# INPUT RECORDS:
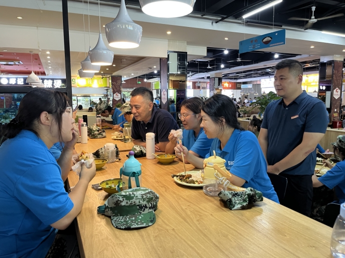 在食堂用餐区,江作军和同学一起用餐并亲切交流。“同学们都是来自哪里?”“习惯江西的口味吗?”“饭菜的价格贵不贵?”“喜欢辣一点还是清淡一点?”了解学生在学校的生活学习心理等情况。江作军希望大家以校为家,有什么问题及时向学校反映,有什么好创意可以向学校提出,学校将全力打造一个安全温馨的学习生活环境,让大家快乐成长,学有所得。
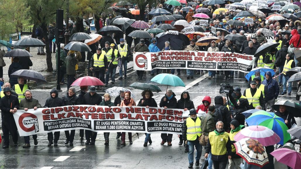 Unas 20.000 personas han salido a las calles del País Vasco para defender sus derechos y exigir una subida de la pensión mínima.
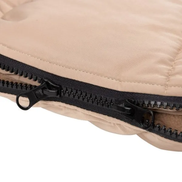 De voetenzak is gemaakt van hoogwaardige materialen en heeft een unieke “puffed” structuur in de subtiele Biscuit-kleur, wat zorgt voor een moderne uitstraling. Dankzij de ritssluiting kun je je baby snel en gemakkelijk in- en uitpakken. De binnenkant is gevoerd met zacht fleece, wat extra warmte biedt op koude dagen, terwijl de ademende buitenstof ervoor zorgt dat je kleintje niet oververhit raakt.
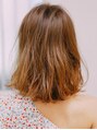 フルバングのボブのスタイルなのに重たい印象にならないのは、前髪の透け感とアッシュベージュ系カラーが◎これからの時期に髪を下ろしても重たくならないですし、結んだりアレンジもできる長さなのでとてもオススメな大人ボブスタイルです。
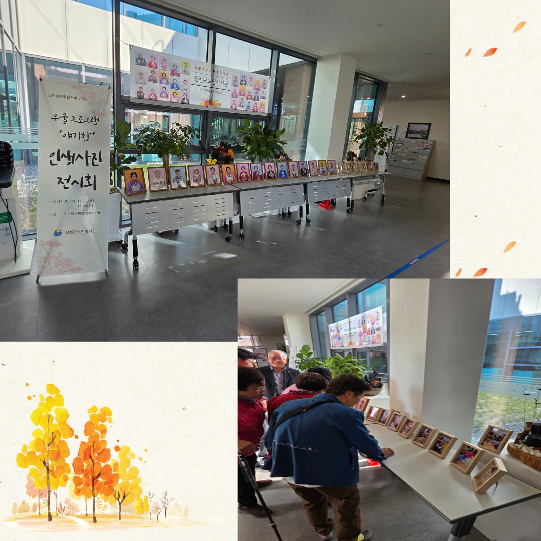 ¾î¸£½ÅÀÇ ¿ì¿ï°¨°¨¼Ò¸¦ À§ÇÑ ¿ôÀ½Ä¡·á'¾ê±âÇÔ' 5ȸ±â¸¦ ¹«»çÈ÷ ¸¶Ä¡°í Àλý»çÁø Àü½Ãȸ¸¦ 11.12(È) °³ÃÖÇÏ¿´½À´Ï´Ù.±×µ¿¾È 9/27ÀÏ~10/31ÀϱîÁö 5ȸ±âµ¿¾È Ȱµ¿»çÁø°ú Àλý»çÁøÀ» ´õÇØ ¾Æ½¬¿î ¸¶À½¿¡ ¹é°îÇàÁ¤º¹Áö¼¾ÅÍ¿¡¼ ¾à2ÁÖ°£¿¡ °ÉÃÄ »çÁøÀü½Ãȸ¸¦ ÇÕ´Ï´Ù. ¸¹Àº °ü½ÉºÎʵ右´Ï´Ù.¡ÜÀü½Ã±â°£: 24.11.11~11.22ÀÏ¡ÜÀå¼Ò: ¹é°î¸é ÇàÁ¤º¹Áö¼¾ÅÍ
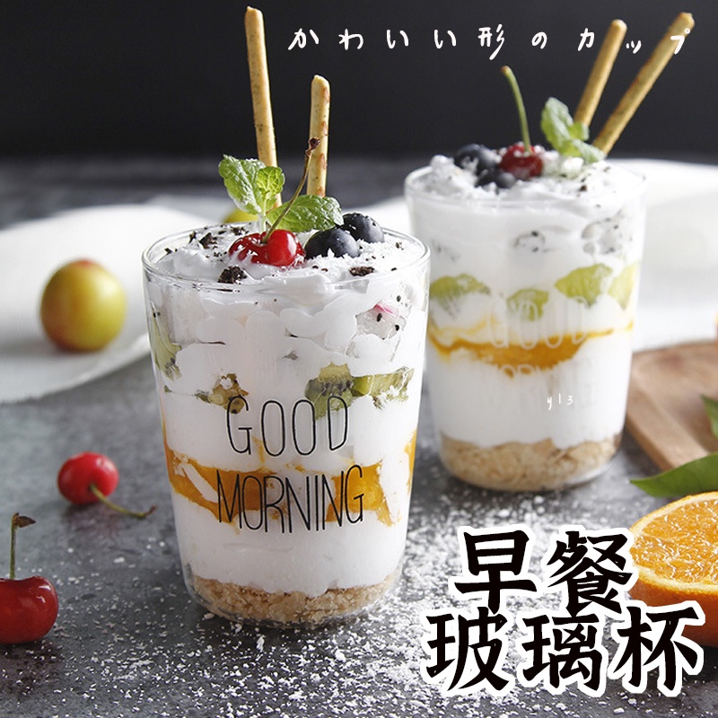 玻璃早餐杯good morning】玻璃杯 早餐杯 北歐風牛奶杯 沙拉杯 早安杯 玻璃杯 飲料杯 水杯 杯子 早安玻璃
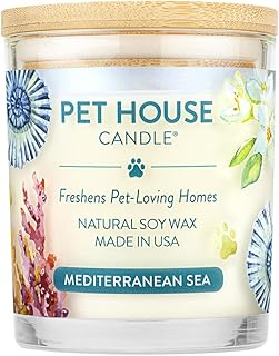 (Pack of 1, Mediterranean Sea) - One Fur All 100% Natural Soy Wax Candle, 20 Fragrances - Pet Odour Eliminator, 60-70 Hrs Burn Time, Non-toxic, Eco-Friendly Reusable Glass Jar Scented Candles - Pet House Candle, Mediterranean Sea
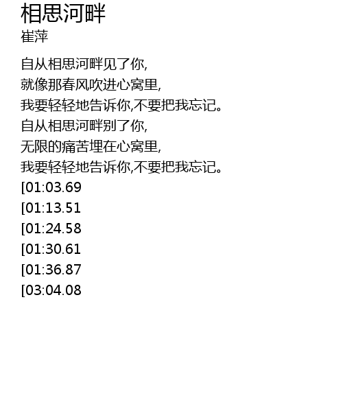 | [02:52.03][01:30.61] | 自从相思河畔别了你, |
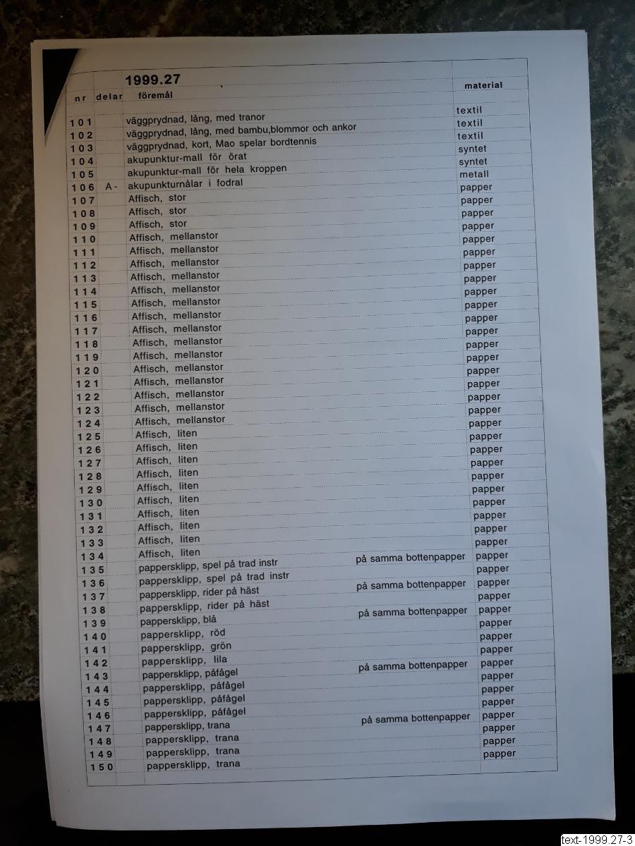 • kortfattade beskrivning av objekten till samling 1999.27
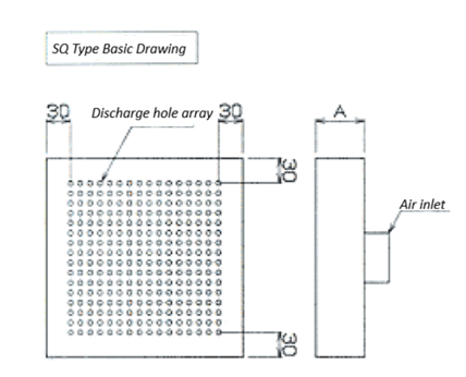 • It is a surface (sheet) jet nozzle in which many small-diameter outlet holes are arranged in rows at equal intervals on the discharge surface.
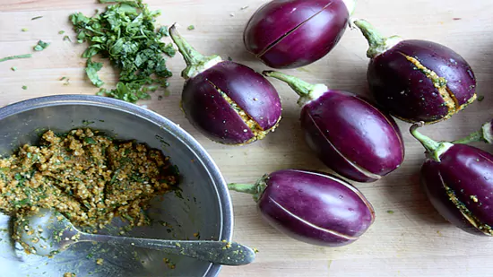 * Use a teaspoon to stuff each eggplant with about 1/8 of the filling. Gently pry open the eggplant, stuff in the filling. Make sure there is filling between each of the cuts. Gently squeeze the eggplant to make the filling sticks and fills the crevices. * Pour the oil into a large nonstick skillet over medium heat to film the bottom. When hot, add the eggplants in a single layer.
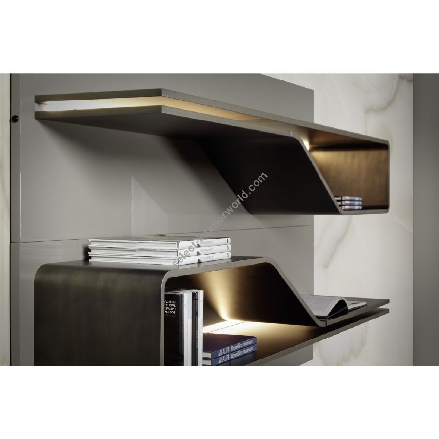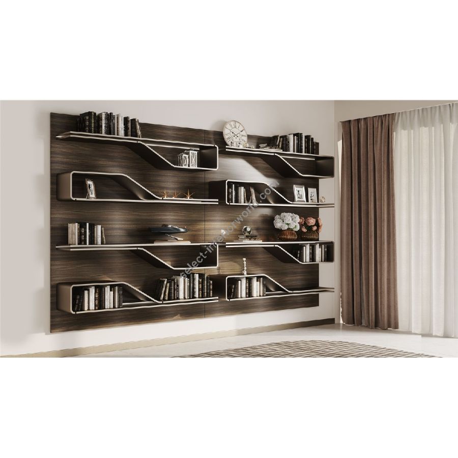 Interlocking modular bookcase in matt lacquered wood or in Henné oakwood or in the combination of shiny ebony with shelves in satin brass finish. LED lighting system. Can be used to build-up bookcases in various sizes, hanging or floor-standing and can be connected to Movie Tv mirror.
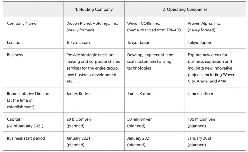 按照计划,新公司将于明年1月开始运营,控股公司的运营资本预计为200亿日元,Woven CORE的运营资本预计为5000万日元,Woven Alpha的运营资本预计为1亿日元。目前担任TRI-AD首席执行官的James Kuffner将领导这三家公司,三家公司的总部都将设在TRI-AD目前位于东京市中心的办公地点。
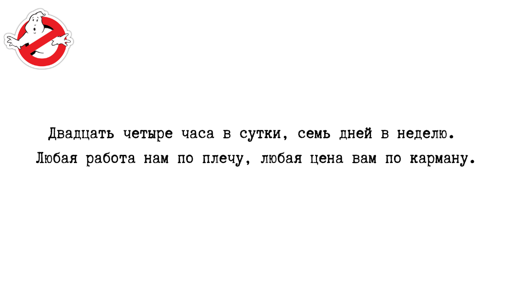 — Двадцать четыре часа в сутки, семь дней в неделю. Любая работа нам по плечу, любая цена вам по карману, — директор прочитал текст с визитки. — Белиберда какая-то.

# ASSIGNMENT:
Write back word for word every line in the entries above from the one with "till samling 1999.27" to the one with "a single layer.", ends included, and none of the pictures.

# SOLUTION FOR THIS EXERCISE:
 • kortfattade beskrivning av objekten till samling 1999.27
 • It is a surface (sheet) jet nozzle in which many small-diameter outlet holes are arranged in rows at equal intervals on the discharge surface.
 * Use a teaspoon to stuff each eggplant with about 1/8 of the filling. Gently pry open the eggplant, stuff in the filling. Make sure there is filling between each of the cuts. Gently squeeze the eggplant to make the filling sticks and fills the crevices. * Pour the oil into a large nonstick skillet over medium heat to film the bottom. When hot, add the eggplants in a single layer.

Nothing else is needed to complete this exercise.